Валько резко поднял голову и некоторое время внимательно изучал лицо Олега.
Перед ним стоял человек нового, самого юного поколения.
Самые, казалось бы, несоединимые черты — мечтательность и действенность, полет фантазии и практицизм, любовь к добру и беспощадность, широта души и трезвый расчет, страстная любовь к радостям земным и самоограничение, — эти, казалось бы, несоединимые черты вместе создали неповторимый облик этого поколения.
Валько хорошо знал его, это поколение, потому что оно в большой мере было сколком с него самого.
— Подпольщика ты вроде уже нашел, — с усмешкой сказал Валько, — а что нам дальше делать, об том мы сейчас поговорим.
Олег молча ждал.
— Я вижу, ты не сегодня решился, — сказал Валько.
Он был прав. Едва возникла непосредственная угроза Ворошиловграду, Олег, впервые скрыв от матери свое намерение, пошел в райком комсомола и попросил, чтобы его использовали при организации подпольных групп.
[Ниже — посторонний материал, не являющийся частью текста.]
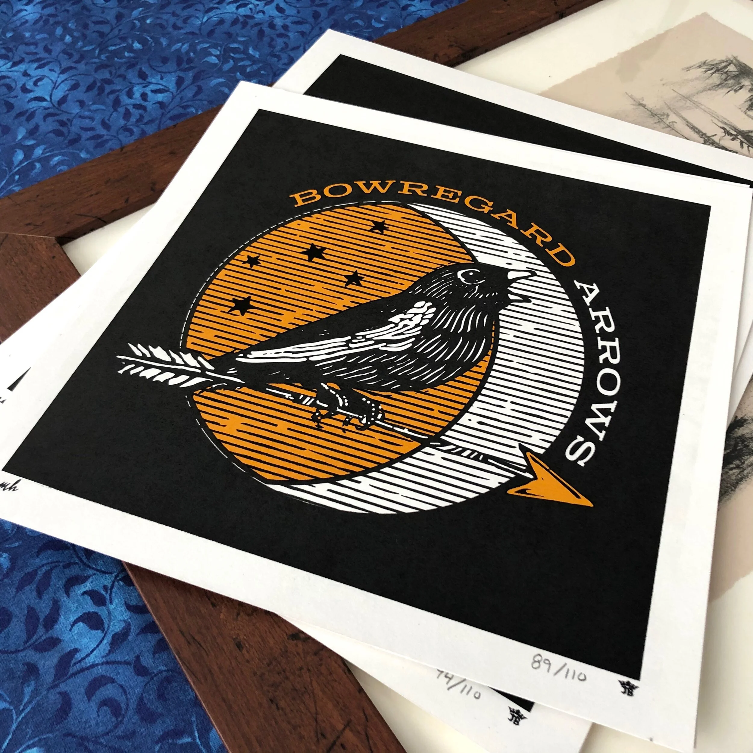 Design for bluegrass band Bowregard as part of the band’s debut album Arrows. Design was used for shirts, hand-printed posters, stickers, and the on-disc CD artwork. Illustrated with a vintage woodcut feel, the image features a lark bunting, the state bird of Colorado.
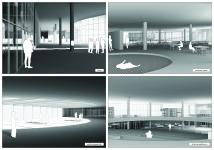 Free access public spaces include places such as exhibition hall, library, working spaces, etc. However, instead of dividing the space according to function, a big open space is provided including all these events mixed to each other, so that a people who come for the library can also visit the exhibition at the same time, interacting with others. Also, office spaces and small multi purpose halls are included in the basement floor of this part.
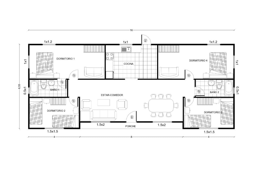 La casa cuenta con cuatro dormitorios, dos ubicados en el ala izquierda y dos en el ala derecha del proyecto, lo que permite una organización simétrica ideal para familias.
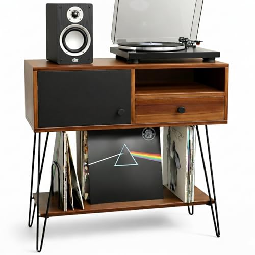 Large Mid Century Modern Record Player Stand with Vinyl Storage Holds Up to 200 Albums - Walnut Console Table for Turntables, Living Room, and Entryway | Record Player Table
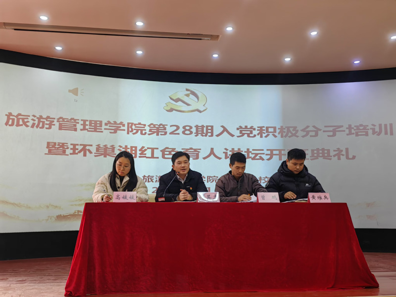 近日,旅游管理学院党委第28期党校暨环巢湖红色文化育人讲坛隆重开班。旅游学院党委副书记、纪委书记邓其志,学生支部书记曾鹏、黄维兵,新生辅导员高媛媛出席典礼,60名入党积极分子参加开班仪式。开班典礼由党校班主任曾鹏主持。
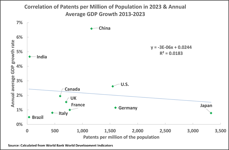 Regarding patents, China has a medium number of patents per million of the population but a fast growth rate, Japan has a very high number of patents per million of the population and a very low growth rate, and India has a very low number of patents per million of the population and the second highest GDP growth rate after China. In other words, as confirmed by the data, there is no consistent relationship between the number of patents and the speed of GDP growth.
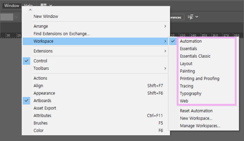 Adobe Illustrator CC 프로그램의 최상단 툴바 [Window] - Workspace - 하위 옵션 을 이것저것 클릭해보면 왼쪽의 툴바 모양이 다 바뀌는 것을 볼 수 있다.
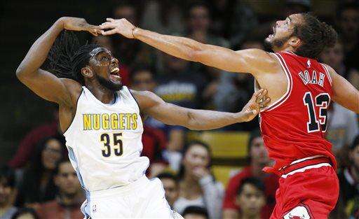 Denver Nuggets forward Kenneth Faried, left, fights for control of a rebound with Chicago Bulls center Joakim Noah in the first half of a preseason NBA basketball game Thursday, Oct. 8, 2015, in Boulder, Colo. (AP Photo/David Zalubowski)
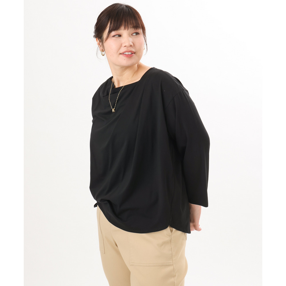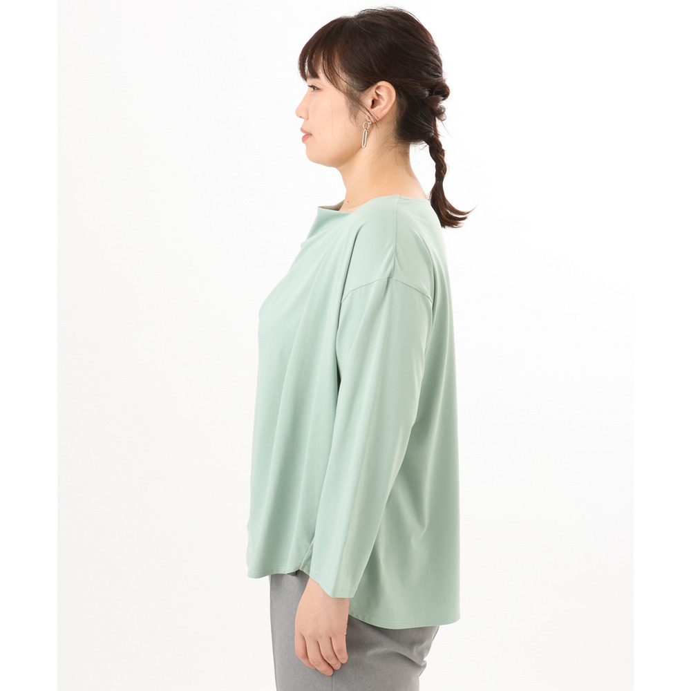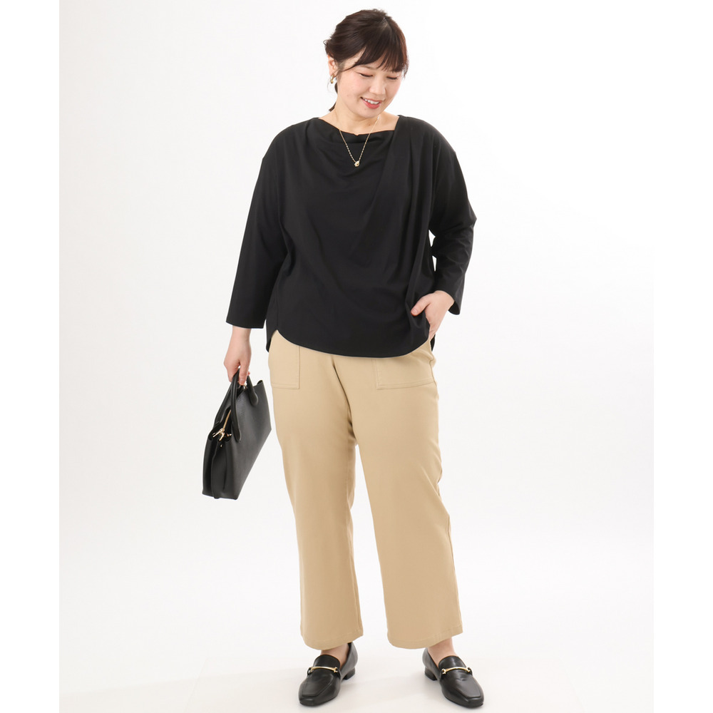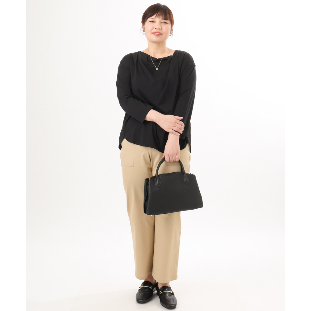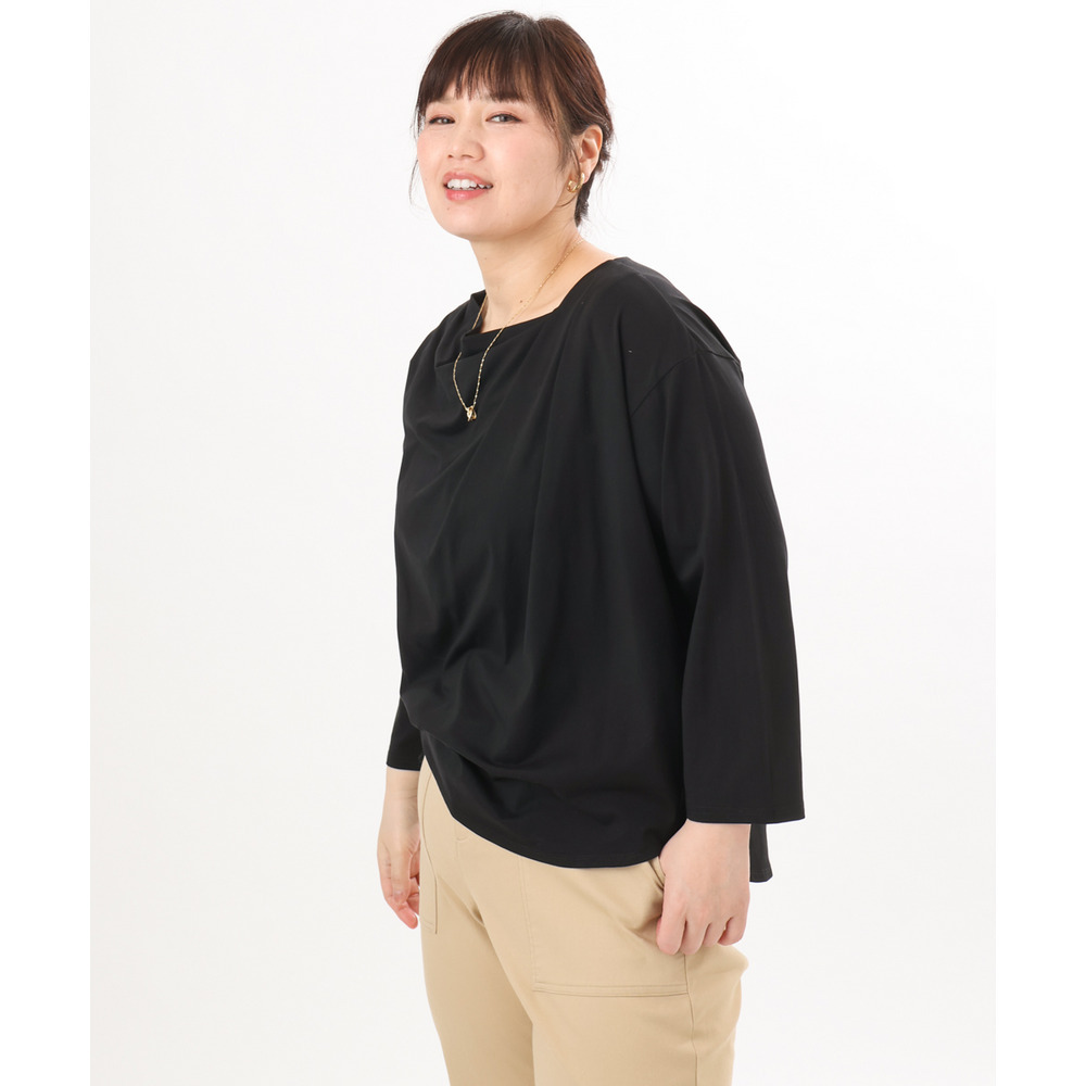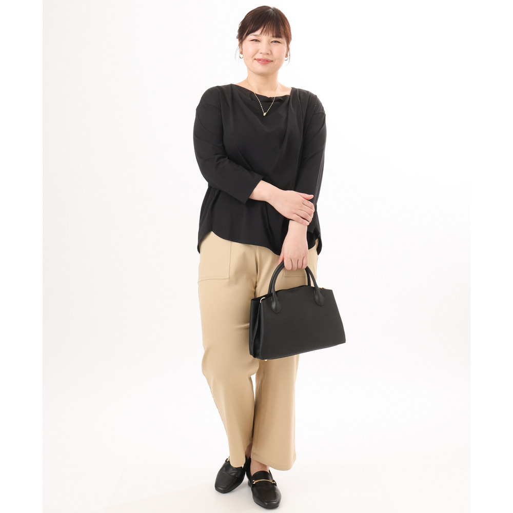首元に自然な落ち感を生むドレープデザインで、顔周りを華やかに見せつつ上品で女性らしい印象に。

Его очень обидели, когда сказали без всякого объяснения причин примерно следующее:
— Вот что, хлопец: собирай-ка свои манатки да уезжай подобру-поздорову, да поживее.
Он не знал, что райком комсомола не создавал самостоятельных подпольных групп, а те комсомольцы, которых оставляли в распоряжение подпольной организации, были уже выделены заранее. Поэтому ответ, который он получил в райкоме, не только не был грубым, а был даже, в известном смысле, выражением внимания к товарищу. И ему пришлось уехать.
Но в тот самый момент, как прошло первое напряжение событий на переправе и Олегу стало ясно, что уйти не удалось, его так и озарила мысль: теперь мечта его осуществится! Вся тяжесть бегства, расставания с матерью, неясности всей его судьбы свалилась с души его. И все силы души его, все страсти, мечты, надежды, весь пыл и напор юности — все это хлынуло на волю.
— Оттого ты так и подобрался, что решился, — продолжал Валько. — У меня у самого такой характер. Еще вчера — иду, а все у меня из памяти не выходит: то, как мы шахту взорвали, то, вижу, армия отступает, беженцы мучаются, дети. И такой у меня мрак на душе! — с необыкновенной искренностью говорил Валько. — Должен был радоваться тому, что хоть семью увижу, с начала войны не видался, — а в сердце все стучит: 'Ну, а дальше что?..' Так было вчера. А что ж сегодня? Армия наша ушла. Немец нас захватил. Семью я не увижу. Может быть, никогда не увижу. А на душе у меня отлегло. Почему? Потому, что теперь у меня один шлях, як у чумака. А это для нашего брата самое главное.
Олег чувствовал, что сейчас в балке под Краснодоном, при свете месяца, чудно блестевшего по росе, этот суровый, сдержанный человек со сросшимися, как у цыгана, бровями говорит с ним, с Олегом, так откровенно, как он, может быть, не говорил ни с кем.
— Ты вот что: ты с этими ребятами связи не теряй, это ребята свои, — говорил Валько. — Себя не выдавай, а связь с ними держи. И присматривай еще ребят, годных к делу, таких, что покремнистей. Но только смотри, без моего ведома ничего не предпринимай, — завалишься. Я тебе скажу, когда и что тебе делать…
— Вы знаете, кто оставлен в городе? — спросил Олег.